Rabbi Paasche-Orlow argues that the statement was meant to be a temporary measure, pending further study and reflection.
"The problem is the continued effort has not served to effect or inform policy," she said.
Rabbi Joel Meyers, executive vice president of the RA, defended the process. He said in 1992 and 1993 the RA "went through a very detailed process" in its law and human sexuality committees." He noted that "there has always been a group within the RA that has been consistently agitating for a change in halacha" on gay rights. But he said he did not believe that reflected the majority.
Asked how change might occur in the RA’s halachic position, Rabbi Meyers said that "anyone is free to approach the law committee to revisit the issue or to approach the executive council."
Rabbi Paasche-Orlow said she knows of at least four lesbians who left the rabbinical school over the issue.Second-year rabbinical student Ayelet Cohen said the killing of Matthew Shepard, a gay college student in Wyoming, has raised awareness of gay rights at the seminary. One of the two suspects pleaded guilty Tuesday to the Shepard murder and was sentenced to two consecutive life terms without parole.
"It’s very important to me that the Conservative movement is inclusive of all committed Jews, including the full inclusion and welcoming of gay and lesbian Jews and their families," Cohen said.
Meanwhile, a lesbian rabbi has been called before the Rabbinical Assembly’s ethics committee. The case of Rabbi Benay Lappe, a fellow at CLAL-the National Center for Leadership and Learning, is being examined after it became public that she is gay.
Rabbi Lappe declined to discuss the matter. Her sexuality became public after it was disclosed in newspaper articles.
Rabbi Seymour Essrog, president of the RA, reportedly said the committee is concerned that Rabbi Lappe may have attended the seminary and sought admission to the RA under false pretenses.
"We don’t go around asking people what they do in their bedrooms," Rabbi Essrog reportedly said. "Had she not raised the issue, the issue would not have come to the public arena."

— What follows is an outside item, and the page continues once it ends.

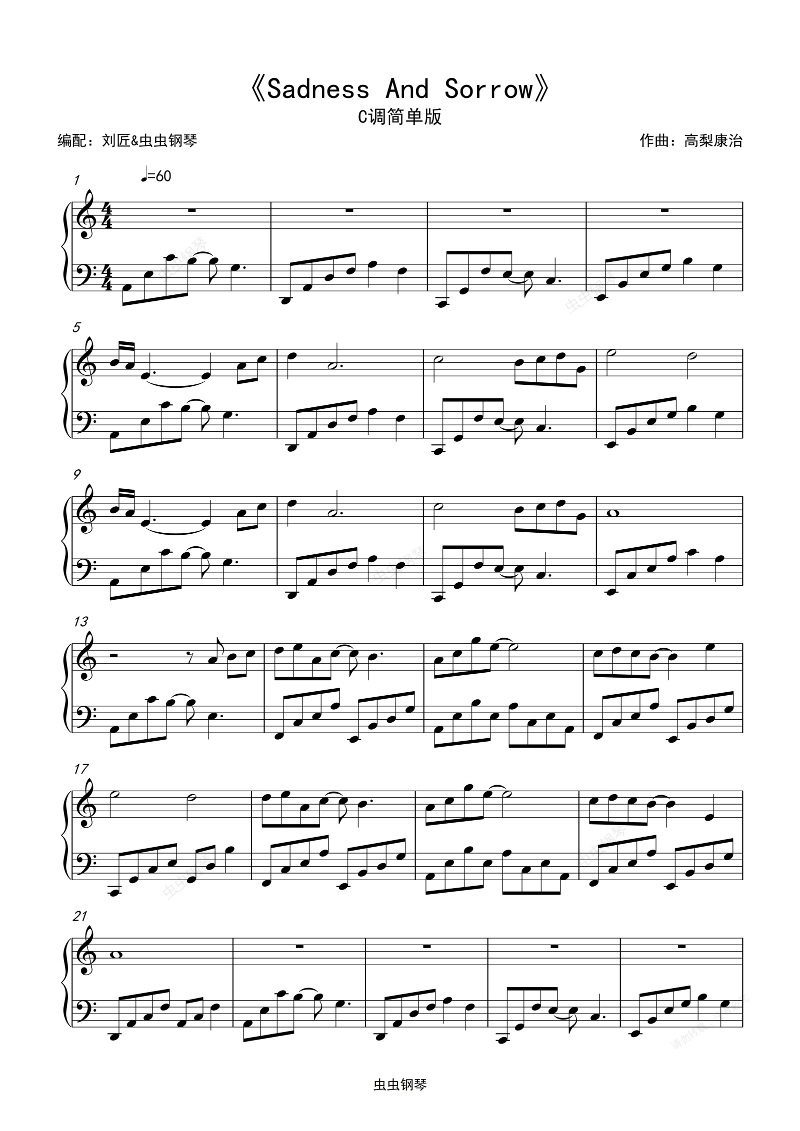 钢琴谱:哀伤-sadness and sorrow-刘匠编配-C调简易版

Meanwhile, in a ruling affecting the Orthodox community, a state Supreme Court judge upheld Yeshiva University’s right to bar two lesbian students from living with their lovers in subsidized housing designated for students at the Albert Einstein College of Medicine.
Justice Franklin Weissberg dismissed a lawsuit brought last year by medical students Sara Levin, 26, and Maggie Jones, 23, against Einstein. Each was offered subsidized apartments, but sued after the college denied their requests to have their non-student lesbian partners live with them.
The lawsuit contended that Einstein violated city and state laws against discrimination based on marital status. But Weissberg ruled that same-sex couples do not have the same constitutional guarantees as married couples. The judge said nothing in the law prohibited YU from distinguishing between married and unmarried couples in deciding who would be allowed to live in subsidized housing.
Weissberg also rejected the suit’s claim that the school’s housing policy has a disparate impact on them because they are gay.
The attorney for the women, Michael Adams, associate director of the American Civil Liberties Union Lesbian and Gay Rights Project, called the decision disappointing and said his group would appeal.
Abe Habenstreit, Einstein’s director of public affairs, said the college was pleased that the court validated its student housing policies, which he said "are fair, appropriate and in compliance with all anti-discrimination laws."